Россия – крупный экспортер на отдельных мировых товарных рынках, поэтому в нашем институте для характеристики воздействия на нее западных санкций был предложен новый термин – "ловушка большой страны". Объяснить его можно так: введение санкций в отношении большой страны, занимающей ключевые позиции на отдельных мировых товарных рынках (для России это нефть, газ, зерно, удобрения и ряд других товаров); приводят к росту цен на эти важнейшие экономические ресурсы во всем мире. Одновременно с этим страна, на которую наложили санкции, приспосабливается к новым условиям и находит пути обхода ограничений и этих санкций. В этом ей помогают и другие страны, поскольку полный уход такой страны с мировых товарных рынков может привести к катастрофическим последствиям. В свою очередь государства-санкционеры меняют политику санкций и начинают перестраивать свою экономику из-за изменения конъюнктуры рынка. Поэтому санкции, наложенные на такую страну, как Россия, приводят к переменам на всем мировом рынке.
– Россия зависима от экспорта природных ресурсов?
– Мы видим, что доля энергетического экспорта растет, но, с другой стороны, Россия сейчас меньше зависит от внешней торговли. Рост ВВП, о котором я говорил, был вызван внутренними факторами – увеличением потребления и инвестиций внутри страны. Не было решающей роли экспорта, часто спасавшего российскую экономику во время предыдущих кризисов, – сработала активная внутренняя экономическая политика.

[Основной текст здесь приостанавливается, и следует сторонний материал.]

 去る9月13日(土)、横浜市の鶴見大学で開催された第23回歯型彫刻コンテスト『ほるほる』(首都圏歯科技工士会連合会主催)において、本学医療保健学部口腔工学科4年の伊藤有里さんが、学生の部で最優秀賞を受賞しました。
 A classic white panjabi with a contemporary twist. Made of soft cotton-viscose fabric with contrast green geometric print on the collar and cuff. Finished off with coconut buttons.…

Безусловно российский бюджет зависит от поступлений от экспорта топливно-энергетических товаров, однако и эта зависимость после 2022 года постепенно снижалась. Можно констатировать факт того, что доля энергоресурсов в экспорте выросла, однако одновременно снизилось влияние экспорта на экономику страны.
– Сегодня существует финансовая монополия западных стран?

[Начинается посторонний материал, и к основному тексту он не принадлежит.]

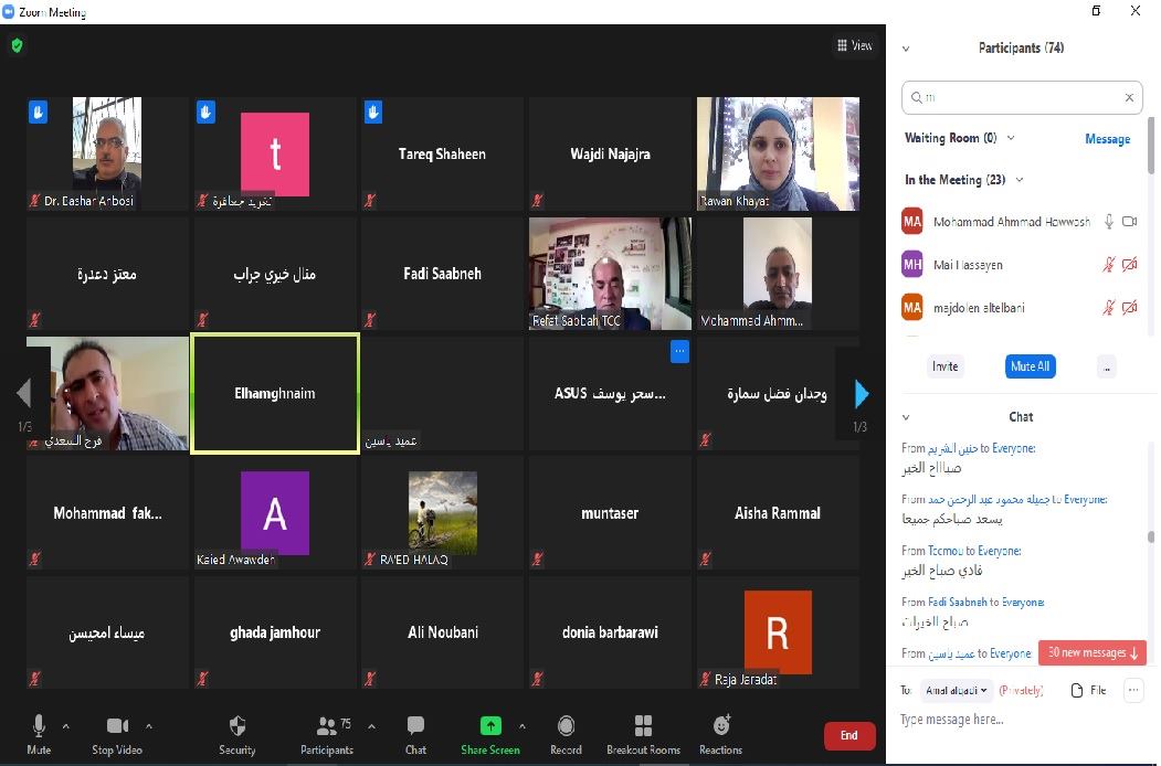 السبت ال موافق7-11-2020 نظم كل من وزارة التربية والتعليم ومركز ابداع المعلم ملتقى الارشاد الأول عند بعد والذي استهدف ما يقارب 103 مرشد/ة من جميع مديريات التربية في الضفة الغربية، نظم هذا الملتقى من قبل الإدارة العامة للإرشاد والتربية الخاصة في وزارة التربية وبمشاركة المدير العام الأستاذ محمد الحواش، وبرنامج الدعم النفسي الاجتماعي في مركز ابداع المعلم بمشاركة المدير العام الأستاذ رفعت الصباح.
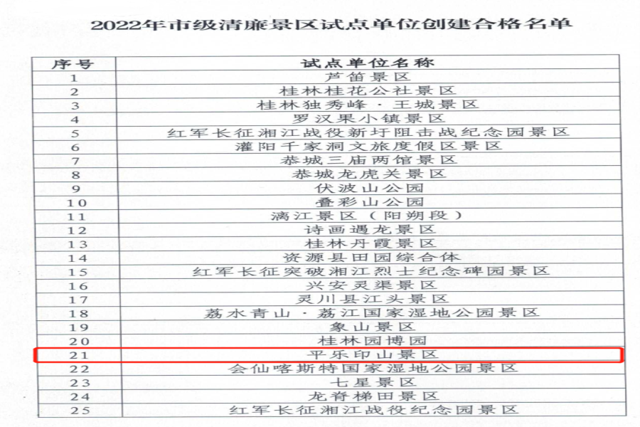 凭据《桂林市清廉景区(试点、示范)评定实施步伐(试行)》和《关于开展清廉景区评审暨绩效考评事情的通知》要求,平乐弘润公司印山旅游码头景区通过相关评定流程,乐成入选2022年度市级清廉景区示范单位...
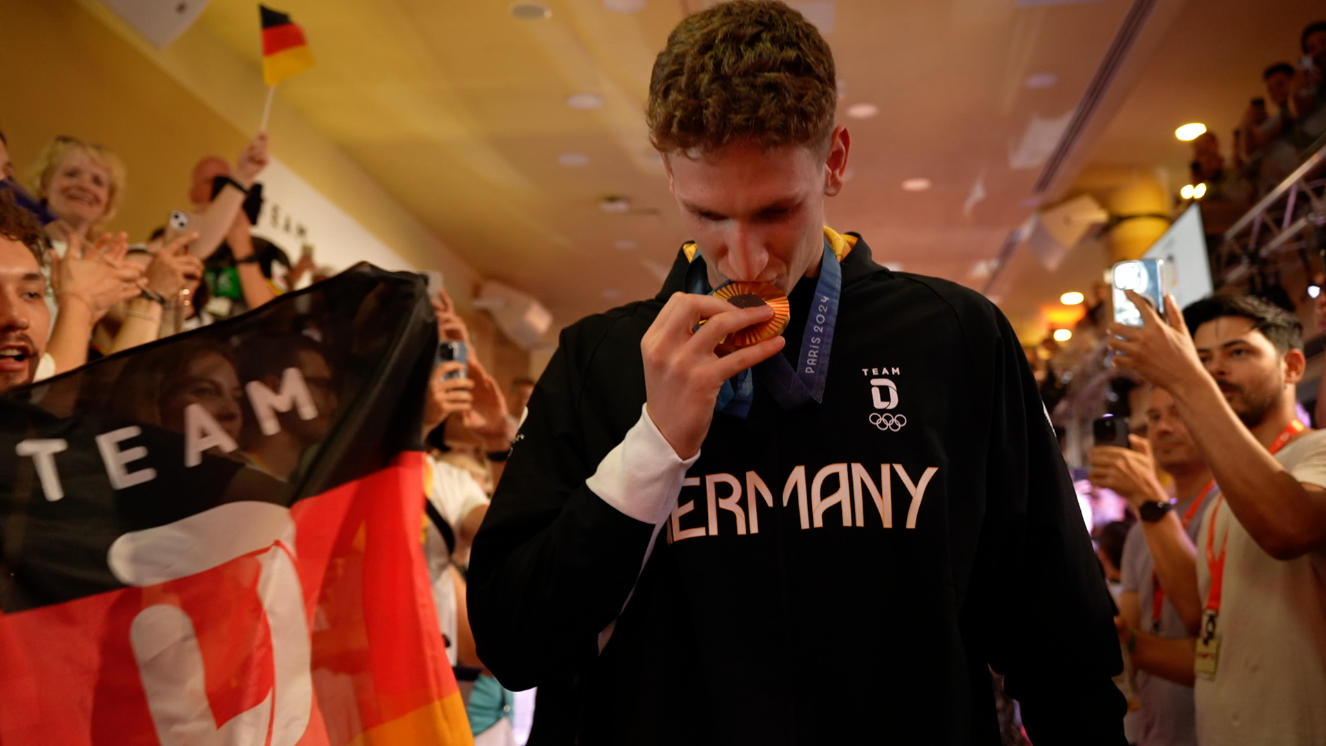 Besuch des Olympiasiegers Lukas Märtens: Der 22-Jährige feiert im Deutschen Haus seine Goldmedaille über 400 Meter Freistil. Nachdem Märtens in der Zwischenzeit in weiteren Wettkämpfen an den Start gegangen ist, ist es sechs Tage nach seinem Erfolg Zeit für seinen Medal Walk.
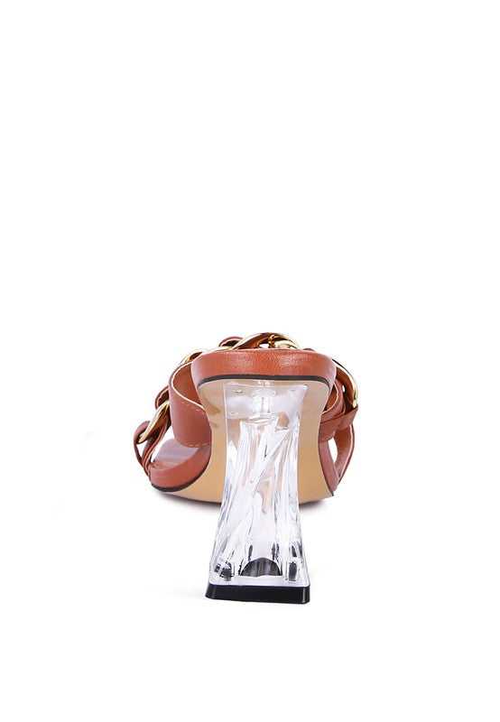 Indulge in the beauty of the Day In London: Clear Heel Gold Chain Sandals. These stylish slides feature a square toe, a comfortable mid heel with a clear twist, and metal buckle details on the strap. Designed to elevate your summer looks, these sandals are made with high-quality polyurethane for the upper and lining material, and a TPR outer sole for durability. The open square toe, shiny metal detail, and slip-on design add the perfect touch of elegance to these casual sandals. Whether you're running errands or heading to a brunch date, these sandals with a 3.1 inch heel will keep you comfortable and looking fabulous. Made in China with a material composition of polyurethane, these sandals are a must-have for any fashion-forward individual.

– Мы можем не только говорить об этой монополии, но и наблюдать ее. Россия серьезно почувствовала последствия введенных западными странами санкций на бытовом уровне. Приведу примеры: это и прекращение работы российских банковских карт за рубежом, и фактическое замораживание инвестиций в зарубежные ценные бумаги. Произошло это в результате фактической монополии западных стран на мировую финансовую инфраструктуру (платежно-расчетные системы, депозитарно-клиринговое обслуживание). Санкции в отношении России продемонстрировали пример того, как западные страны могут использовать свое монополистическое положение для оказания давления на недружественные им страны. Это заставило ряд государств, например, Китай, задуматься над тем, как преодолеть сложившуюся монополию западных стран в области финансовой инфраструктуры. Поэтому многие страны сегодня стараются выстраивать собственные независимые платежно-расчетные системы, неподконтрольные влиянию Запада, ревностно относящегося к своему доминированию в мире. Отсюда спрос на идеи развития расчетов в национальных валютах.

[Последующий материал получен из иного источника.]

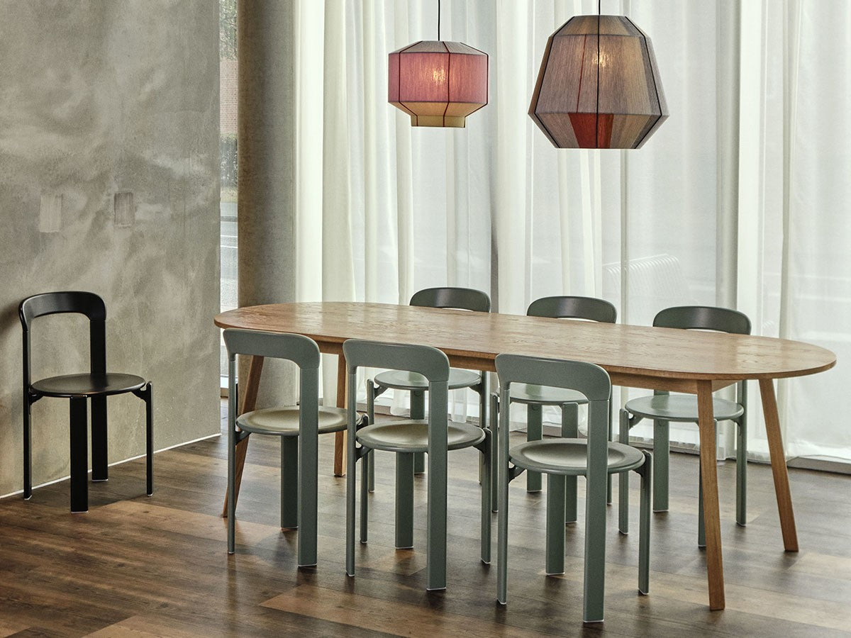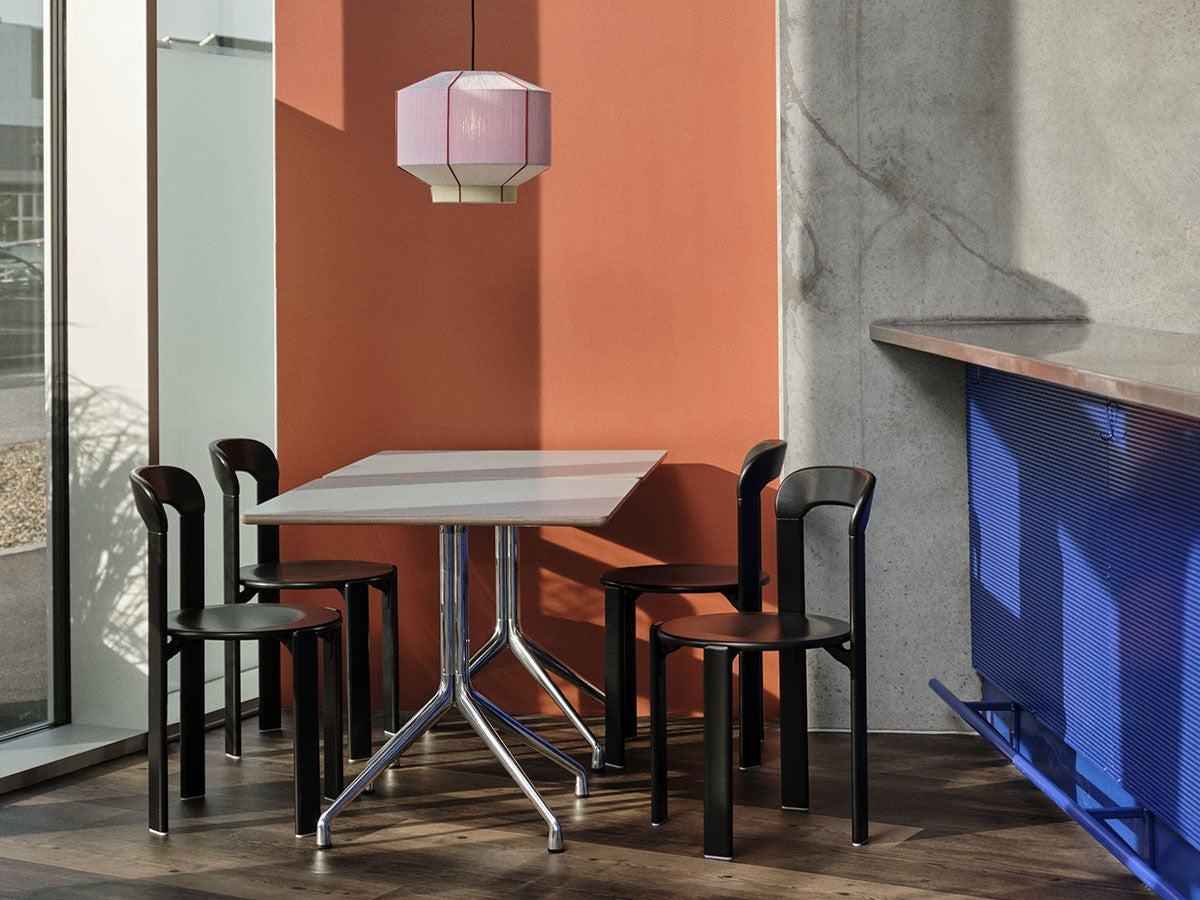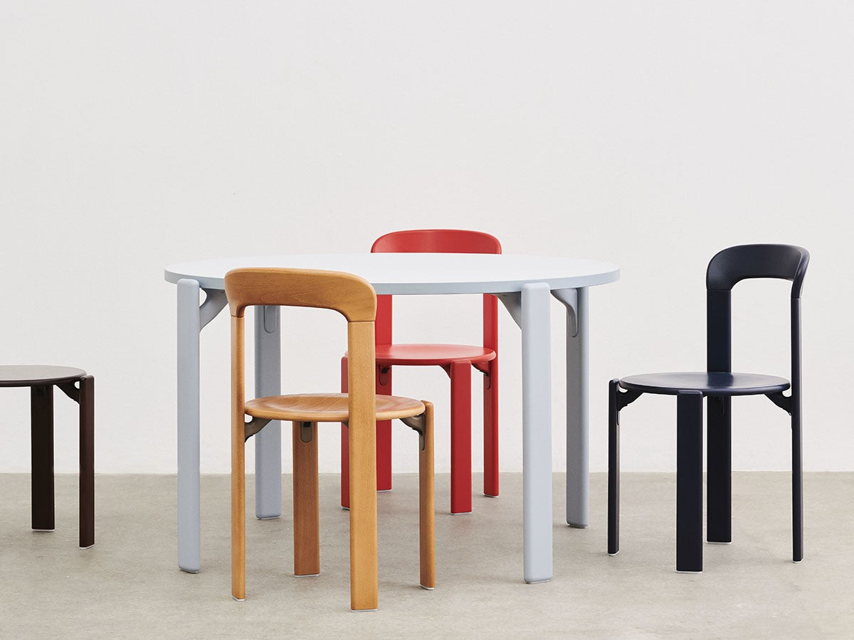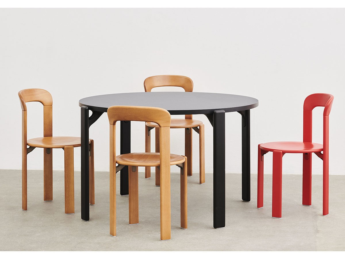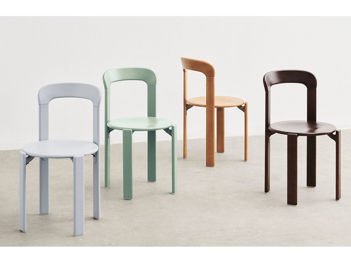 ミッドセンチュリー期のスイスデザイン界を牽引したデザイナー、Bruno Rey(ブルーノ・レイ)が、1971年にデザインした「REY」コレクションをベースとしたダイニングチェア。当初生産していたスイスの家具メーカー、Dietiker社とHAYの共同により、現代のライフスタイルに合わせ、新たなサイズと素材の組み合わせで復刻されました。オリジナルカラーだけでなく、新たなカラーも追加されています。丸みを帯びたエッジと背もたれのカーブが特徴的なこのダイニングチェアは、ネジを使わずに木材と金属を接続するDietiker社独自の技術で、チェアとして初めて特許を取得し、スイスで最も成功した椅子となりました。頑丈なつくり、強度、スタッキング可能なデザインにより、時代を超えたクオリティを実現し、ご家庭からレストラン、カフェ、オフィス、公共施設まで、幅広いシーンでお使いいただけます。

– Что сейчас происходит с российским рублем?
– Валютный рынок России сейчас представляет собой очень сложное явление. У нас есть рыночные механизмы, которые работают, но сам рынок очень фрагментирован. Если раньше у нас были взаимосвязаны биржевой и межбанковский рынки, то сейчас из-за введения санкций в отношении Московской биржи у нас возникли отдельные рынки, на которых разный курс валюты, иначе говоря, появились значительные спреды (spread – разница, разброс). Банально это можно увидеть, сравнивая официальный курс рубля и фактический в обменном пункте. Тем не менее благодаря рыночным механизмам общие тенденции укрепления или падения курса рубля синхронны на разных сегментах рынка.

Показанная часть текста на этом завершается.